The team evaluates retrieval quality using manually labeled relevance judgments. For 100 test queries, human annotators label each of the top-10 retrieved items as relevant (1) or not relevant (0).

def precision_at_k(retrieved_relevant: List[bool], k: int) -> float:
    """Compute precision@k.

    Args:
        retrieved_relevant: Boolean list, True if item at position i is relevant.
        k: Number of top positions to consider.

    Returns:
        Fraction of top-k retrieved items that are relevant.
    """
    return sum(retrieved_relevant[:k]) / k


def ndcg_at_k(relevance_scores: List[float], k: int) -> float:
    """Compute NDCG@k (Normalized Discounted Cumulative Gain).

    Args:
        relevance_scores: Relevance scores for each retrieved item.
        k: Number of positions to consider.

    Returns:
        NDCG@k score in [0, 1].
    """
    dcg = sum(
        rel / np.log2(i + 2)
        for i, rel in enumerate(relevance_scores[:k])
    )
    ideal_scores = sorted(relevance_scores, reverse=True)[:k]
    idcg = sum(
        rel / np.log2(i + 2)
        for i, rel in enumerate(ideal_scores)
    )
    return dcg / idcg if idcg > 0 else 0.0


# Simulated evaluation results
rng = np.random.RandomState(99)
n_queries = 100
p_at_5_scores = []
ndcg_at_5_scores = []

for _ in range(n_queries):
    # Simulate: higher-ranked items are more likely to be relevant
    relevance = [
        1.0 if rng.random() < (0.7 - 0.05 * i) else 0.0
        for i in range(10)
    ]
    p_at_5_scores.append(precision_at_k([r > 0 for r in relevance], 5))
    ndcg_at_5_scores.append(ndcg_at_k(relevance, 5))

print(f"Precision@5:  {np.mean(p_at_5_scores):.3f} +/- {np.std(p_at_5_scores):.3f}")
print(f"NDCG@5:       {np.mean(ndcg_at_5_scores):.3f} +/- {np.std(ndcg_at_5_scores):.3f}")
Precision@5:  0.624 +/- 0.178
NDCG@5:       0.741 +/- 0.192

Lessons Learned

  1. Item-level chunking simplifies the pipeline. Because each catalog item is short, treating each item as a single chunk avoids the complexity of reassembling fragmented chunks into coherent results. For longer documents (e.g., full articles or transcripts), multi-chunk strategies with deduplication would be necessary.

  2. Metadata filtering is essential. Embedding similarity alone retrieves semantically similar items regardless of metadata constraints. When a user asks for "recent documentaries," the system must filter by year and category — this is not reliably captured by the embedding alone.

  3. Retrieval quality bounds generation quality. If the retrieval stage misses a relevant item, the LLM cannot compensate — it has no access to items outside its context. Improving the embedding model (switching from a general-purpose model to one fine-tuned on the catalog's domain vocabulary) provided the largest single quality improvement.

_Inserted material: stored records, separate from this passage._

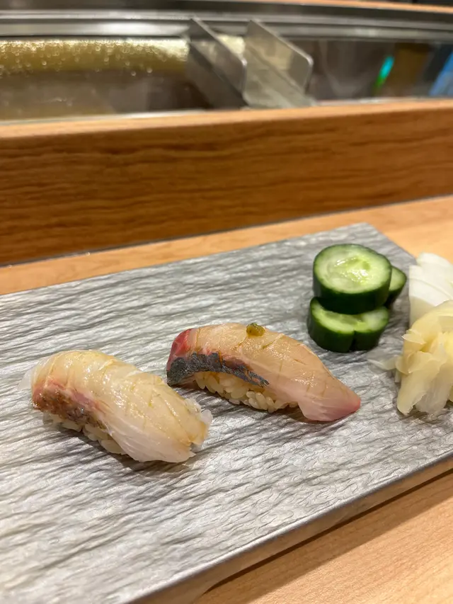 Lunch自選壽司定食 yiuannabelle等級22023-03-1993 瀏覽 關注 難得去開尖沙咀金馬倫道,成條街都係日本野見佢有lunch set就試左呢間12:45到 坐到bar枱,食到13:30度個bar枱就滿晒,跟住再入已經要坐入面d枱叫左個十貫壽司定食,可以自己係紙到tick3Lunch set落完單就有前菜同味噌湯,個前菜好特別,食落好似魚湯味既啫喱配酸酸地既洋蔥師傅會等你食完先遂件放俾你,我覺得最特別係帆立貝壽司 因為加左檸檬汁同埋竹炭鹽食落好特別又清香帆立貝壽司另外辣味三文魚軍艦都好正,係辣辣地既沙律醬嘅感覺,而且三文魚份量都好多辣味三文魚軍艦火炙三文魚壽司埋單$188 加一,不過如果想平d可以仲有6件/8件揀1以上食評乃用戶個人意見 , 並不代表OpenRice之觀點。讚好分享Lunch自選壽司定食 滝雲 https://s.openrice.com/QrbT0yy9I00檢舉 張貼 評分5味道5環境5服務5衛生3抵食推介美食帆立貝壽司用餐日期2023-03-19用餐途徑堂食人均消費$200 (午餐)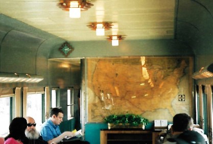 Santa Fe lounge-barber shop-dormitory car 1370 "Acoma" built in 1937 for the Super Chief was also in the consist.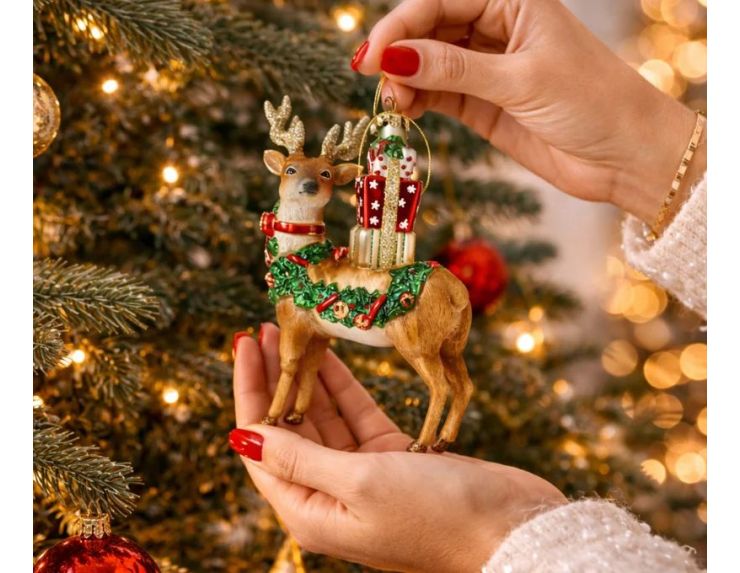 Cette suspension de Noël en verre représente un renne brun élancé aux bois dorés pailletés, un collier rouge autour du cou. Une guirlande de feuilles vertes ornée de petites boules dorées et de baies rouges ceint son corps. Sur son dos, une pile de cadeaux multicolores — rouge à flocons, blanc à rayures — est retenue par un anneau doré.

  4. Engagement scores as soft relevance signals. The team experimented with boosting retrieval scores by engagement: $\text{score}_{\text{final}} = \alpha \cdot \text{cos\_sim} + (1 - \alpha) \cdot \text{engagement}$. This improved user satisfaction (measured by click-through on recommendations) but introduced a popularity bias that suppressed niche content. The trade-off required a product decision, not an engineering one.

  5. Latency budget allocation. The end-to-end pipeline has three latency components: embedding the query (~10ms), vector search (~5ms with FAISS), and LLM generation (~500-2000ms). The LLM generation dominates, which means that optimizing the retrieval stage (HNSW vs. IVF, caching frequent queries) provides marginal latency improvement. The real optimization target is generation: using a smaller or distilled model, streaming the response, or caching summaries for popular query patterns.